Then we went running around the soccer field as we watched the sun set behind the volcano which created this amazing shot! And I say to myself, what about my day was so bad? It was able to end with me witnessing this amazingly intense and beautiful creation created purely by nature. I say to myself, I am so lucky to have a job that pays my bills and keeps a roof over my head and feeds me everyday. I am so lucky to be able to live pain-free without holding onto my past the way I used to. I am able to lay my head down at night without a care in the world as I am so easily able to drift off to sleep.
And what was it that got me so upset that once I had vented about it, it had turned into just a joke among good friends? Why was I so upset about not having been able to know something I had never done before? Why was I so disappointed in myself because I had walked away from that meeting feeling like I had been caught out there when it wasn’t about my having done something wrong, but rather why I had not spent the time figuring something out that I had not even realized needed to be figured out. (Maybe had the meeting not been at 9:30 in the morning, I would have eventually figured it out.)

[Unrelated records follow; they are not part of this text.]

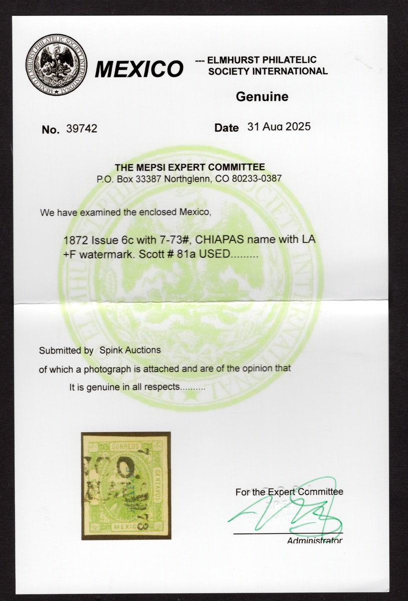 248 Used   imageMexico. 1872 "Hidalgos". Chiapas 6c. Green (#7-73), imperforate used with "La Croix Frères" watermark, clear margins all around. 2025 MEPSI certificate. Scott 81a, $1,000. (Image) (Image2) (All Images)
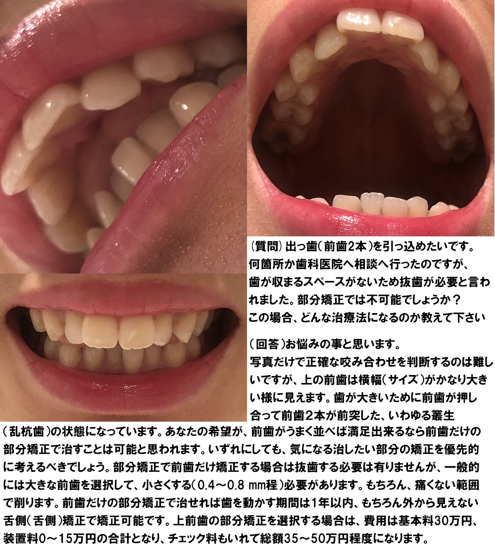 出っ歯(前歯2本)を引っ込めたく 歯科医院で抜歯が必要と言われ 部分矯正は不可能ですか?
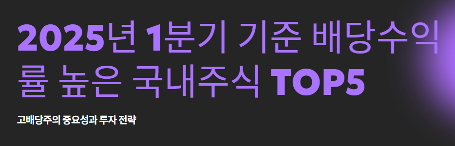 2025년 1분기 기준으로 가장 높은 배당수익률을 기록한 고배당주 TOP5는 다음과 같습니다:
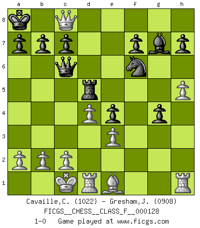 Last move : 1-0 2013 April 16 16:33:54 [Event "FICGS__CHESS__CLASS_F__000128"] [Site "FICGS"] [Date "2013.04.13"] [Round "1"] [White "Cavaille,Cedric"] [Black "Gresham,Jonathan"] [Result "1-0"] [WhiteElo "1022"] [BlackElo "0908"] 1.d4 d5 2.Nc3 Nf6 3.Nf3 Nc6 4.e3 Bg4 5.Bb5 Qd7 6.h3 Bh5 7.Qe2 O-O-O 8.Bd2 Kb8 9.O-O-O g5 10.Bxc6 Qxc6 11.g4 Bg6 12.Nxg5 Bh6 13.f4 Rhe8 14.h4 e6 15.Qf3 Ka8 16.f5 exf5 17.h5 fxg4 18.Qf4 Be4 19.Ncxe4 Rxe4 20.Qf5 Bg7 21.Nxe4 dxe4 22.Be1 Rd5 23.Qc8+ 1-0 Queen's pawn : Chigorin variation Queenside Castling by player Black (move 7) Queenside Castling by player White (move 9) Player White won this chess game. Follow this game move after move (download)Do you realize Fischer almost never has any bad pieces? He exchanges them, and the bad pieces remain with his opponents. (Yuri Balashov) Ich habe die besten Aussichten, den ersten Preis zu gewinnen - denn jeder muss gegen Steinitz spielen, nur ich nicht! (Wilhelm Steinitz) Yo tuve un dolor de muelas en la primer partida. En el segundo juego, tuve un dolor de cabeza. En el tercero, tuve un ataque de reumatísmo. En la cuarta partida, no me sentía muy bien. ¿Y en el quinto juego? Bueno, ¿que acaso uno tiene que ganar todos los juegos?. (Siegbert Tarrasch) Même un GMI sait rarement calculer sur plus de cinq coups une attaque à sacrifices. (Rudolf Spielmann) The worth of a book is to be measured by what you can carry away from it. (James Bryce)
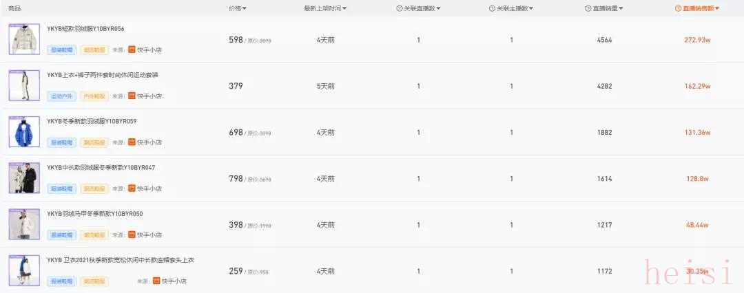 圖片來源:新快點(diǎn)擊跳轉(zhuǎn)小程序查看更多快手?jǐn)?shù)據(jù)由黃子韜擔(dān)任主理人的服飾品牌YK&YB在直播間的出現(xiàn)頻率最高,一共上架9款,小到洗臉發(fā)箍,大到衛(wèi)衣、羽絨服,類型多樣,總銷量達(dá)到3.6萬件,總銷售額達(dá)到795.5萬元。

We live another day and we can set super high standards for ourselves or we can just accept ourselves for the way we are…not necessarily ignorant and blissful, but rather doing our jobs the way we have always done them. (Clearly the batteries in my crystal ball were dead this morning when I had not determined that my client would have wanted me to bill her for the time it may have taken me to figure out the fact there are two ways to complete a task, instead of the way I had always done it.)
Regardless, once given the chance to vent about it, while that meeting had begun as a huge boulder on shoulders, by the time I was finished talking about it…I realized that the incident as well as the client are both just a fleck on my map. And no reason for me lose any sleep about it. Granted I have replaced the batteries to my crystal ball and I also promise to have a big cup of coffee before my next meeting with this client…not to find myself caught out there again. But in the end, it really is just based on our own perspectives on our own lives.